Trey could feel his veins drying like dead worms in the sun as blood pumped from his heart and out his wrist. It drained from him until his pale body completely emptied. He lifted the fingers on his right hand and they poked through the thick plasma like the heads of the Hydra. Trey bent his neck to see that his carcass was the mouth of a river of blood, winding a tortuous path through the desert, moonlight shooting across the surface.
There was a meaty tearing sound, and the bones in Trey's right arm slid easily out through the hole in his wrist. His shoulder popped and followed. Trey watched his skin bubble with the movement underneath. The initial slice in his wrist splayed open like the zipper on a flesh costume as the skin tore up to his elbow.
The train of skeletal pieces serpentined into the river of blood. As each new bone tore free of its sinewy bonding of tissue and muscle, it fused onto the one before it. Trey, lucid as always, felt every brutal tracer of pain.

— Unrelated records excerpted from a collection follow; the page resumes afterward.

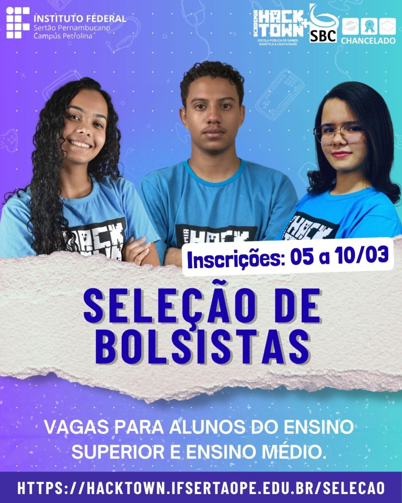 O campus Petrolina do Instituto Federal do Sertão Pernambucano (IFSertãoPE) lançou o Edital nº 06/2026, que regulamenta o processo seletivo para bolsistas da Academia HackTown+. As inscrições são gratuitas e devem ser realizadas de 5 a 10 de março de 2026, exclusivamente pelo formulário online disponibilizado aqui.
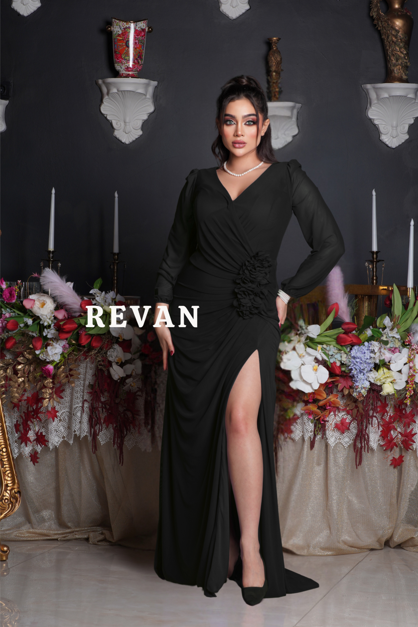 فستان بتصميم راقٍ ومميز مع تفاصيل الورود الجانبية وقصة جذابة تُبرز جمال الإطلالة. مثالي للسهرات والمناسبات لإطلالة استثنائية تليق بكِ.
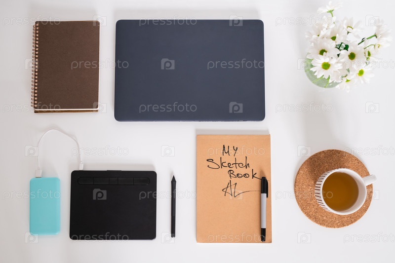 Плоский макет напитка, цветов, эскизной тетради, блокнота со стилусом, блокнот и ноутбук
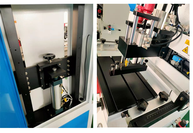 网版上下采用可调缓冲功能气缸驱动,印刷行程采用长行程气缸驱动.稳定精准快速,符合多样化生产效能,工作台面采用独特灵活的三点微调结构装置. 对位方便快捷及工作台吸气真空功能,可通用安装“T"槽型工作台,人机界面触控面板,CPU微电脑控制。
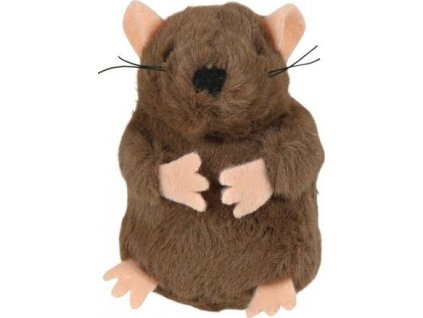 Plyšová myška ve vánoční designu pro kočky se zvukovým čipem, díky kterému zní jako reálná myš. Čip se aktivuje pohybem hračky
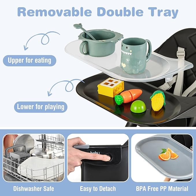 - Removable Double Tray: This infant feeding chair is equipped with a double tray that can be easy to detach according to your needs. The upper tray is suitable for eating and feeding, and the lower tray is ideal for playing. The tray is made of BPA free PP material and harmless to the health of your baby.
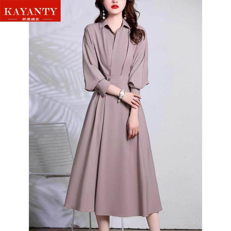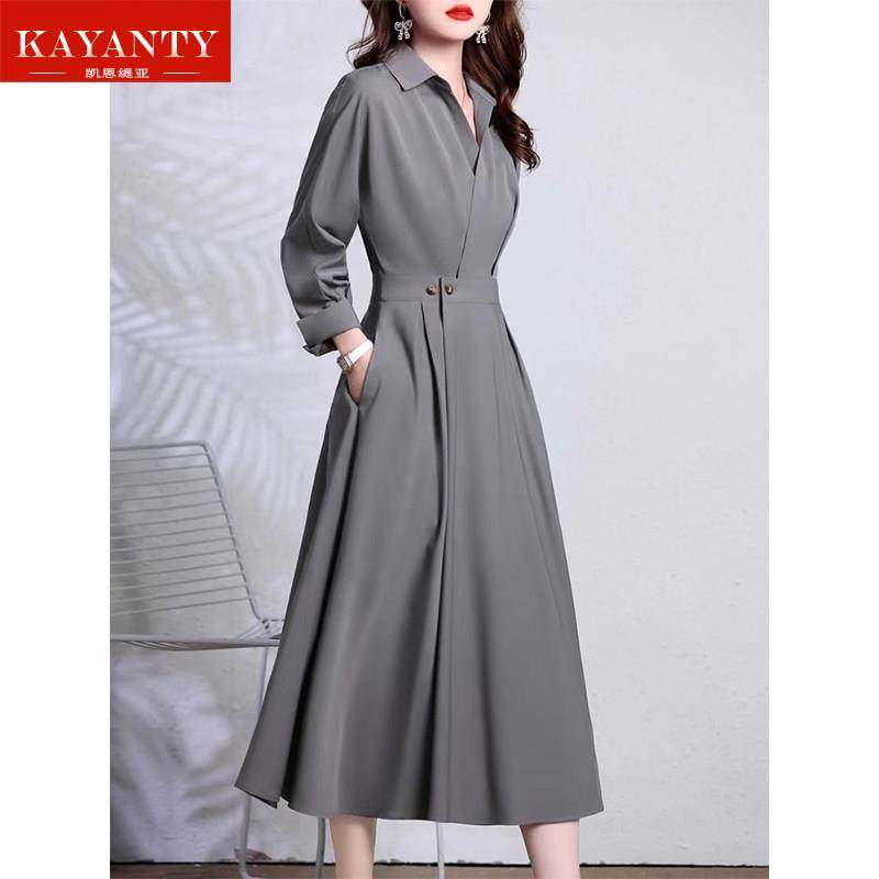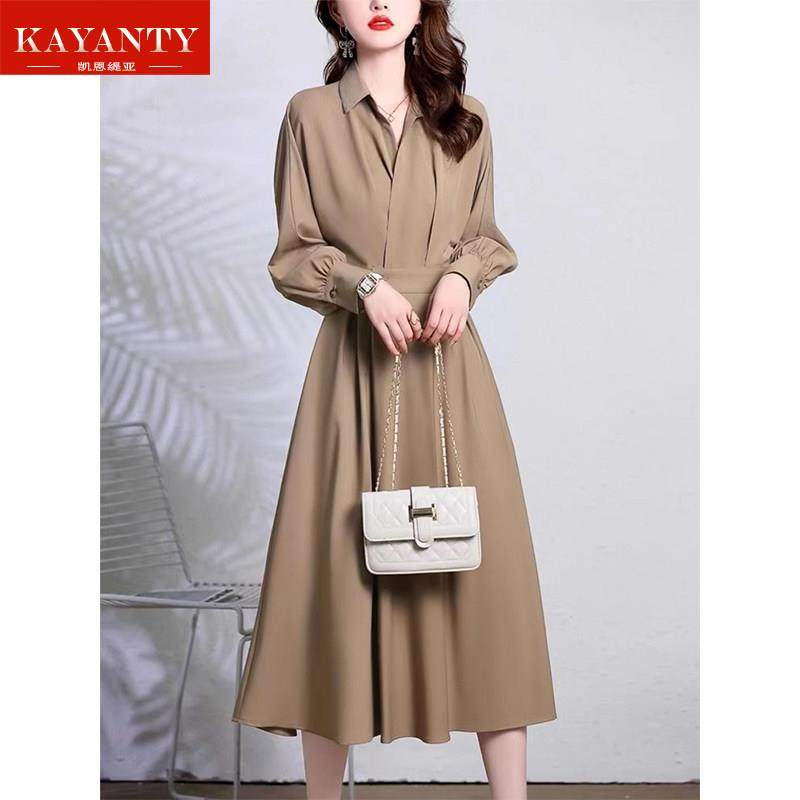 KAYANTY春秋长袖衬衫连衣裙女2025新款气质收腰显瘦高级感长裙子
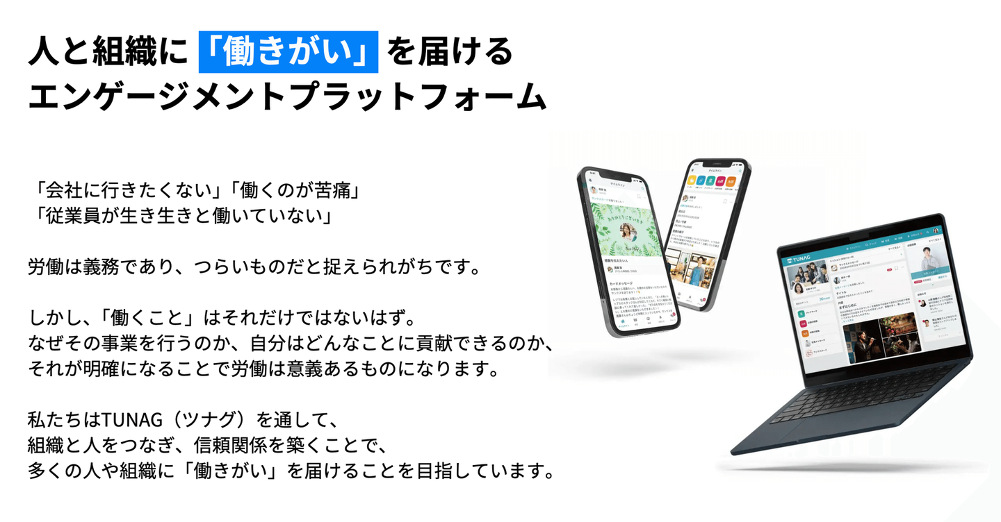 TUNAGの事業理念は、「人と組織に働きがいを届ける」ことです。
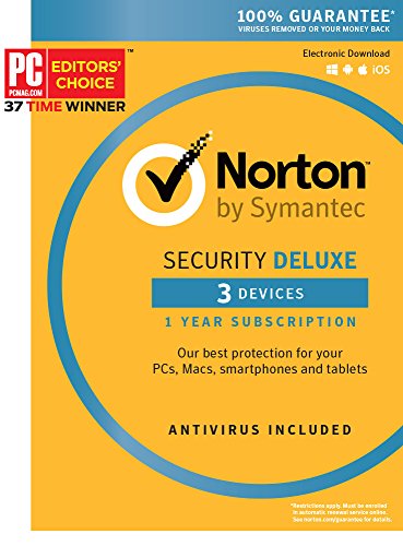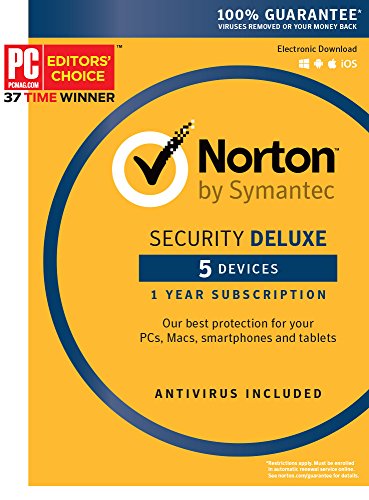 Norton Security Deluxe protects your identity and financial data from cybercrime. If you pay your bills on your smartphone, shop on your tablet or keep important financial information on your laptop, get Norton Security Deluxe for one easy solution that protects up to five of your devices-PCs, Macs, smartphones, and tablets-all backed by our 100% guarantee. To be eligible for the Virus Protection Promise, you must purchase, renew or upgrade your Norton subscription directly from Symantec, or subscribe to the Norton Automatic Renewal Service.Feature

He screamed suddenly as his spine melded onto the bone-snake and slithered out of his sack of skin. Inch by inch Trey's body deflated like a balloon until every bone had joined together in a long, gnarled, reptilian beast. The new creature swam sinuously on the crest of the blood flow.
Trey's carrion was left behind to be picked apart by vultures, but his consciousness swam the sanguine river with the serpent. The pain became a low constant throb, which was a reprieve compared to the past hours, and the leisurely pace at which he glided through the desert rested his battered mind.